Of the material below, the lines to be retyped are those from the line containing "- construire du" through the line containing "Quatropi Designer Large", inclusive; reproduce them exactly.

The records below:

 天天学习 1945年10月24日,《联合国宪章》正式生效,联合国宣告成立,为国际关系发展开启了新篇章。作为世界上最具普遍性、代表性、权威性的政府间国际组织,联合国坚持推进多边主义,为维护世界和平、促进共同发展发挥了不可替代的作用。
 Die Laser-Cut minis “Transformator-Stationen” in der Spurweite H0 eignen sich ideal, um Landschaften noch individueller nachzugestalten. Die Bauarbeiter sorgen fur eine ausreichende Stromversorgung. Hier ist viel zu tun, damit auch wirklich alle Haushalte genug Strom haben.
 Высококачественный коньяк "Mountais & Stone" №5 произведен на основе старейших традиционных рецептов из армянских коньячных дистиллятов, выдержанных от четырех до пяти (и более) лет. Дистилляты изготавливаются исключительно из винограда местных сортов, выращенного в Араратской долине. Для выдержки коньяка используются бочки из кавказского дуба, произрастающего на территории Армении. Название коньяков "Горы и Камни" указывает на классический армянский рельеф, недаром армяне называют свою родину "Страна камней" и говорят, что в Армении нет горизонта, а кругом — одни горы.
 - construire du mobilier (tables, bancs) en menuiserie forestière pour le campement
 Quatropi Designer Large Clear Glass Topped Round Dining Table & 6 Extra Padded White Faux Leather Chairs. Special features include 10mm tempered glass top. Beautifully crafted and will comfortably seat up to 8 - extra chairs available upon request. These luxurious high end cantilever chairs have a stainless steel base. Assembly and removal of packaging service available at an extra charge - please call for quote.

End of The records.
The records below:

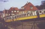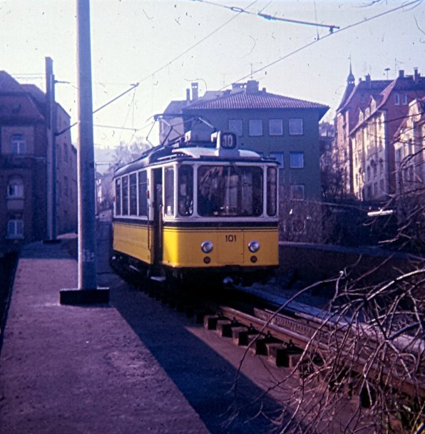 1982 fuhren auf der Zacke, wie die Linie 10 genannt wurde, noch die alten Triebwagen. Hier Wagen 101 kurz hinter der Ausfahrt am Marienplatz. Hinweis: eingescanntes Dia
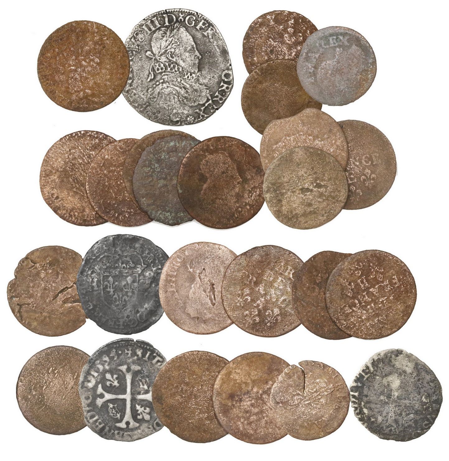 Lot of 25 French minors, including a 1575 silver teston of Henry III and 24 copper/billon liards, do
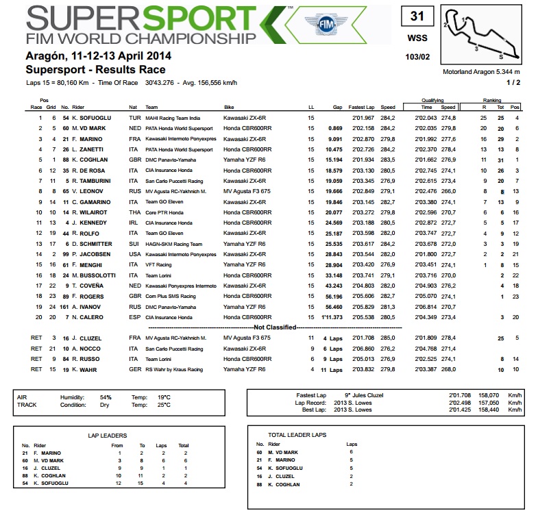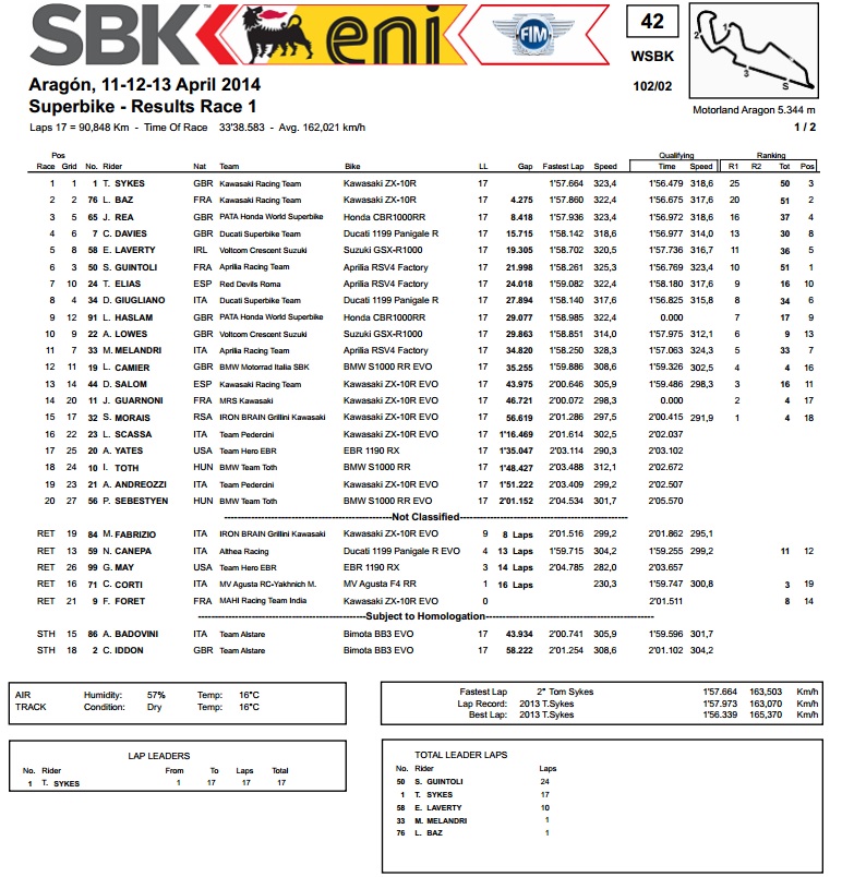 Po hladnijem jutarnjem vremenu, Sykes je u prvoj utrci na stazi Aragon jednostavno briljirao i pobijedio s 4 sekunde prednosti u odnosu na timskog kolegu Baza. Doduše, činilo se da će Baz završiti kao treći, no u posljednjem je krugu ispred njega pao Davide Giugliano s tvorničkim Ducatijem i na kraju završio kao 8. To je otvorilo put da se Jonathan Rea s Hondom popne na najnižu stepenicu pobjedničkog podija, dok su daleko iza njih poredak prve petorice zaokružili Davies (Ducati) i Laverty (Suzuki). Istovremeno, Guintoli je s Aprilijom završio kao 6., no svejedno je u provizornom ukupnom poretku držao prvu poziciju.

End of The records.

- _Exercise response_
 - construire du mobilier (tables, bancs) en menuiserie forestière pour le campement
 Quatropi Designer Large Clear Glass Topped Round Dining Table & 6 Extra Padded White Faux Leather Chairs. Special features include 10mm tempered glass top. Beautifully crafted and will comfortably seat up to 8 - extra chairs available upon request. These luxurious high end cantilever chairs have a stainless steel base. Assembly and removal of packaging service available at an extra charge - please call for quote.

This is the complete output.